Meandos continue as ‘notes’ and ‘reports’ of a special Cabinet committee on Eskom ‘do not exist’

Residents move between car lights during rolling blackouts in Masiphumelele, Cape Town, on 7 December 2014. (Photo: EPA / Nic Bothma)

Public Enterprises Minister Pravin Gordhan is set to update on Eskom’s state of affairs on Wednesday as South Africa is enjoying a respite from load shedding. The minister is the point man on Eskom in public, although Deputy President David 'DD' Mabuza is in charge of the special Cabinet committee on Eskom. But a Promotion of Access to Information Act request by DA MP Natasha Mazzone has highlighted that this special committee’s February briefings to Cabinet 'do not exist'. And so the meandos continue.

President Cyril Ramaphosa announced a special Cabinet committee in his reply to the State of the Nation Address (SONA) on 14 February. “I have constituted a special Cabinet committee on Eskom which will be led by the deputy president consisting of the Minister(s) of Public Enterprises, Energy, Finance, Transport, Intelligence and Police to be seized with the matter of Eskom on a daily basis and provide me with reports daily on what actions need to be taken to secure energy supply.”

That committee was up and running to brief Cabinet at its meeting of 26 February 2019. This emerged from the diary of Deputy President David “DD” Mabuza issued by the Presidency, and it was clear from the official statement on that Cabinet meeting issued the following day on 27 February 2019.

Cabinet received a report from Deputy President David Mabuza on the work of the joint special Cabinet committee on Eskom that was established in response to recent electricity supply disruptions and the negative impact on the economy. Government’s co-ordinated efforts to bring financial, operational and structural sustainability to Eskom are proceeding in earnest,” said the official Cabinet statement, before going on to “first preliminary engagements” with the trade unions represented at Eskom, the coal mining industry and the organised engineering profession.

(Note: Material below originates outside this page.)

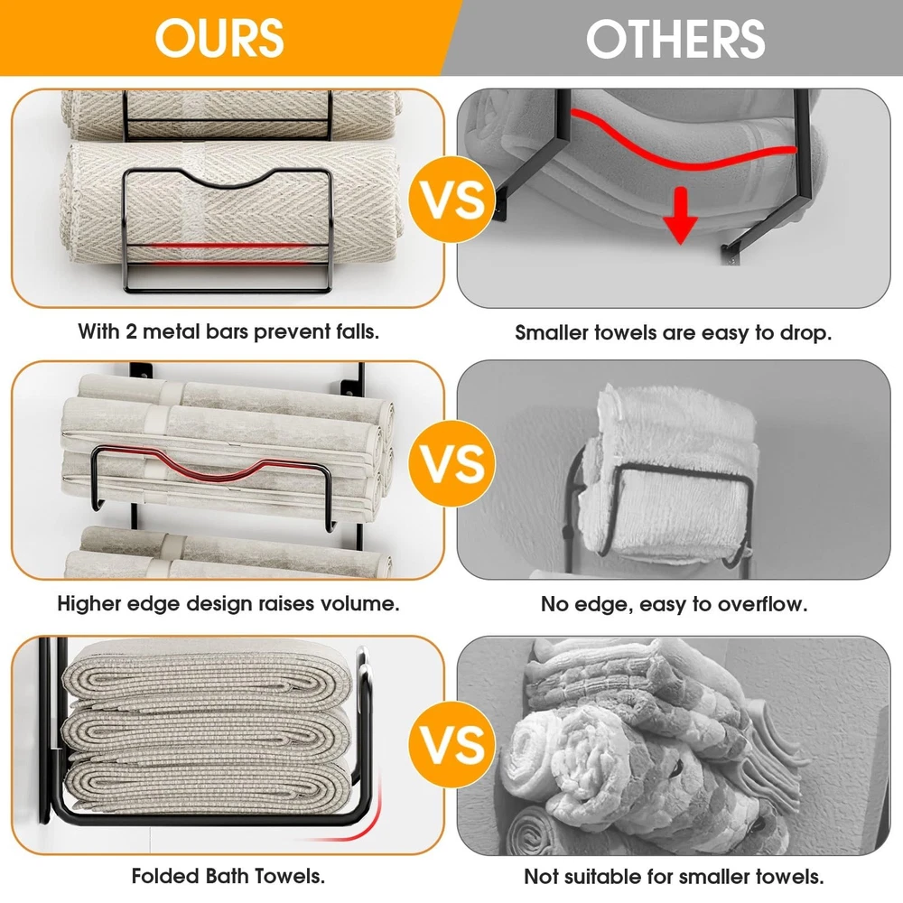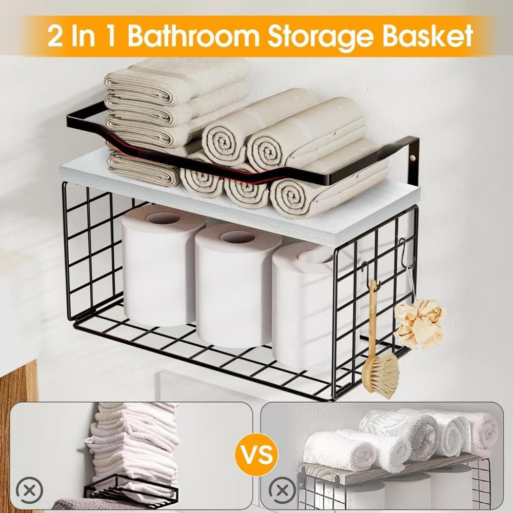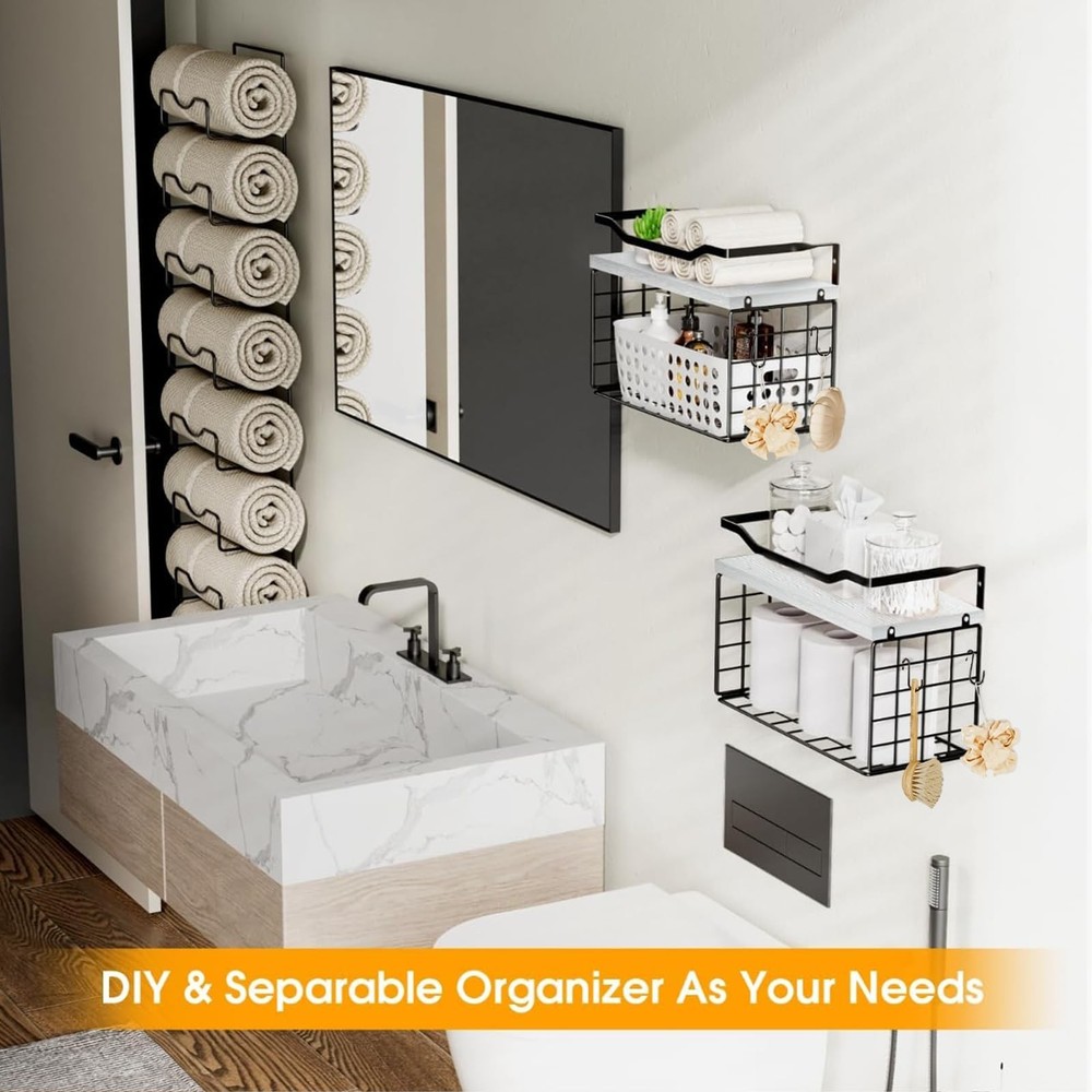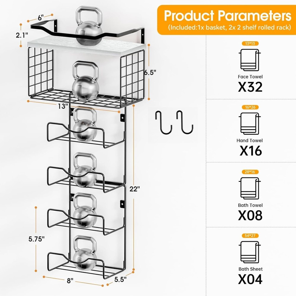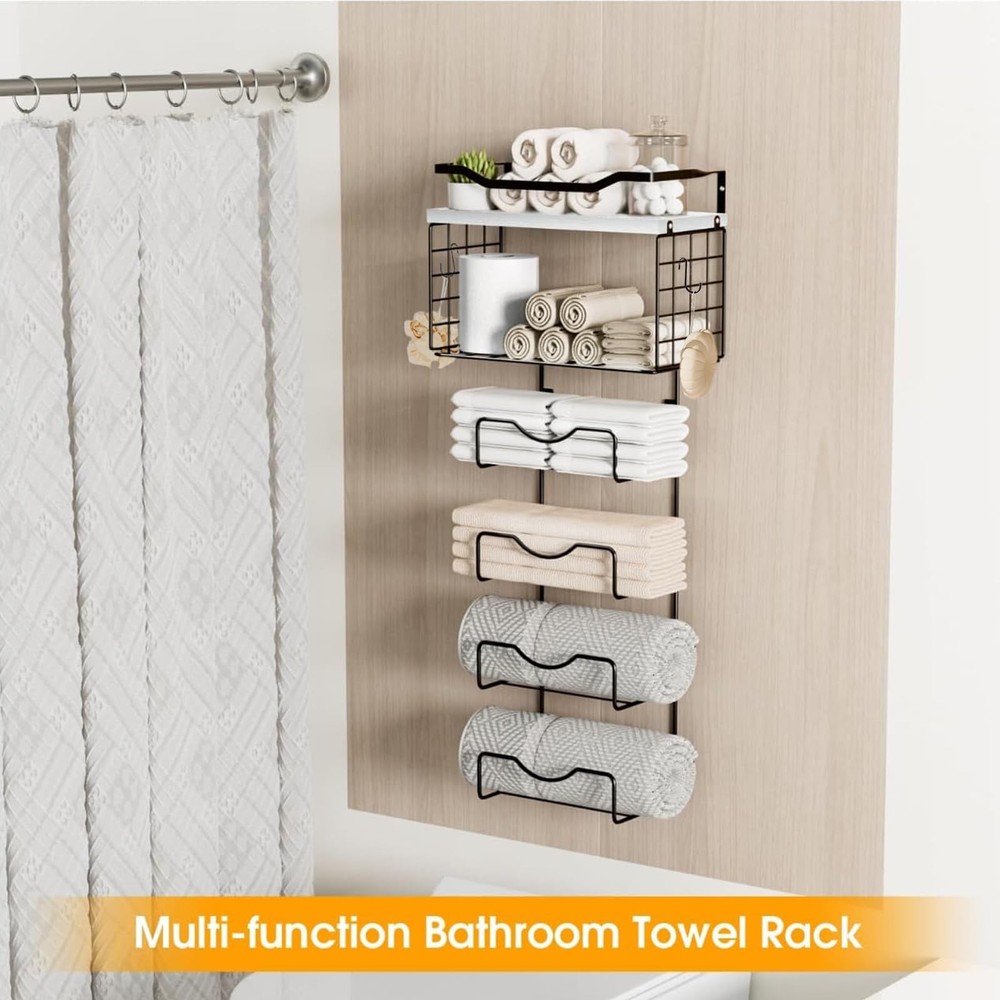 Towel Racks for Bathroom,Towel Rack Wall Mounted, 6 Tier Rolled Or Folded Towel Holder with Floating Shelves, Bathroom Towel Holder for Bath, Hand Towels,Metal,White Wood Panel Space Maximizer - Combined towel rack and floating shelf for towel rack wall mounted maximizes space in small bathroom/apartment/ RV, offers plenty of space for towels, toilet paper and other items in bathroom within easy reach. Multi-Functional Storage - Unlike traditional towel holder, ours with 4 tiers design can store 4 big sized bath towels or 8-16 small sized towels independently, easy to access without interfering with each other. Detachable design is perfect for small spaces. Improved Construction - Towel racks for bathroom add 2 bars at the bottom per tier to make a tighter gap and avoid falling towels; the bottom rectangle form replaces the oval, you can either roll it up for storage or fold it up; higher rim design for extra capacity space. Large Capacity - Bathroom floating shlefes with wire basket is easy to store all kinds of aroma, greens, candle cups, rolling papers, towels, the metal and wood combined makes bathroom towel holder more deco. Use separately from the towel rack. Durable and Easy Setup - High-quality metal and wood materials with surface coating ensure durability, waterproof and rustproof, fit for wet and humid environments like bathroom, and is also an ideal space-saving solution. Use the manual makes mounting towel drying rack simple as ABC.

DA MP Natasha Mazzone wanted those briefing details even if it meant filing a request under the Promotion of Access to Information Act (Paia), which is what she did, looking for “a copy of the Cabinet briefing notes of the 27thof February 2019 in reference to the decisions on Eskom. In this regard, I would like to request a copy of the report from the Deputy President David Mabuza on the work of the joint special Cabinet committee”.

The Presidency responded: “The records as requested by you do not exist. The Presidency is therefore unable to accede to the request for access to information for the reason they do not exist.”

It’s not like the Presidency didn’t try. An affidavit by Deputy Information Officer Lusanda Mxenge, also acting chief operations officer and deputy secretary of the Cabinet, dated 28 March 2019, seen by Daily Maverick, indicates various efforts to find such records. This included liaising with legal and executive services and the Cabinet secretariat to trace such documents. All “reasonable efforts” were made, but the documents could not be found. “I confirm that from the search conducted we were able to ascertain the records requested do not exist,” Mxenge states in the affidavit.

It could be that it’s in the phrasing of Mazzone’s Paia request – “a copy of the Cabinet briefing notes of the 27thof February 2019 in reference to the decisions on Eskom. In this regard, I would like to request a copy of the report from the Deputy President David Mabuza on the work of the joint special Cabinet committee”.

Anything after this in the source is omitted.